- What the exercise asks: Return the listing below exactly as it stands. Pictures stay out.
[Opening Raw data section]
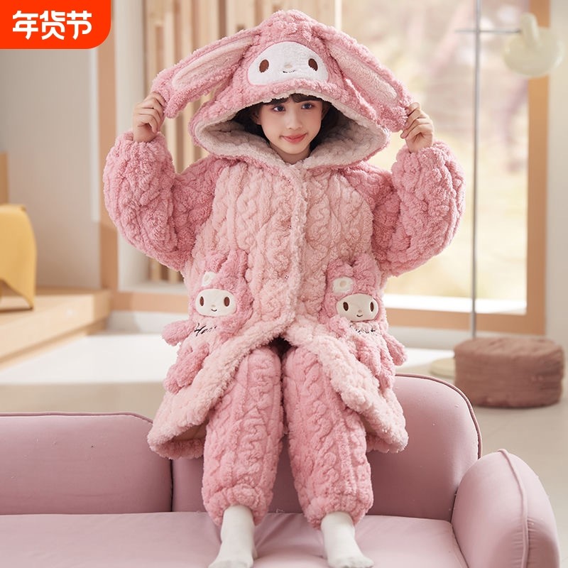 珊瑚绒三层夹棉卡通可爱风女童睡衣冬季加厚连帽家居服套装可外穿
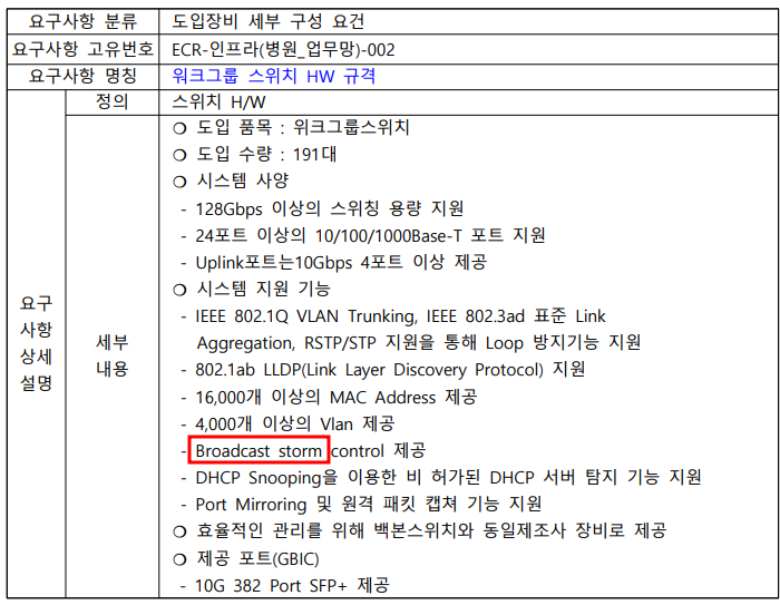 - (위 네트워크 구성도에서는 백본 스위치를 해당 기능이 있는 장비 선정)
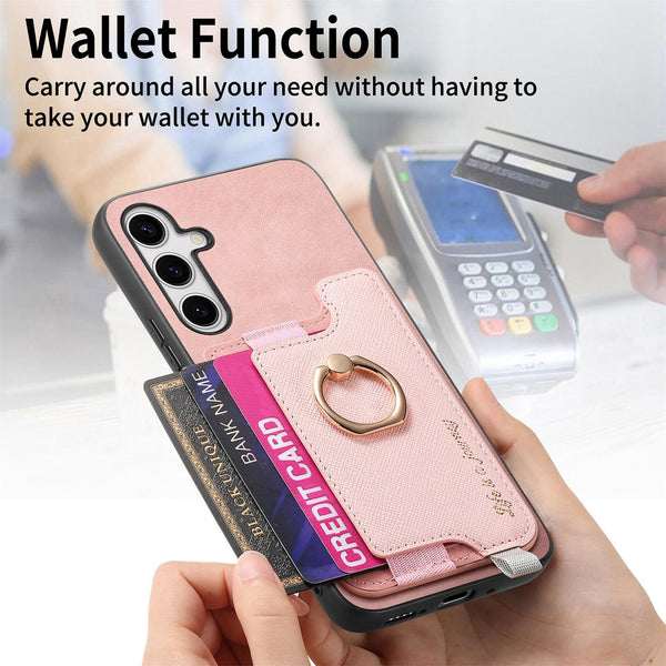 For Samsung Galaxy S25+ 5G Retro Cross Leather Ring Horizontal Insert Card Bag MagSafe Phone Case(Pink)
[Closing Raw data section]
- Completed task:
 珊瑚绒三层夹棉卡通可爱风女童睡衣冬季加厚连帽家居服套装可外穿
 - (위 네트워크 구성도에서는 백본 스위치를 해당 기능이 있는 장비 선정)
 For Samsung Galaxy S25+ 5G Retro Cross Leather Ring Horizontal Insert Card Bag MagSafe Phone Case(Pink)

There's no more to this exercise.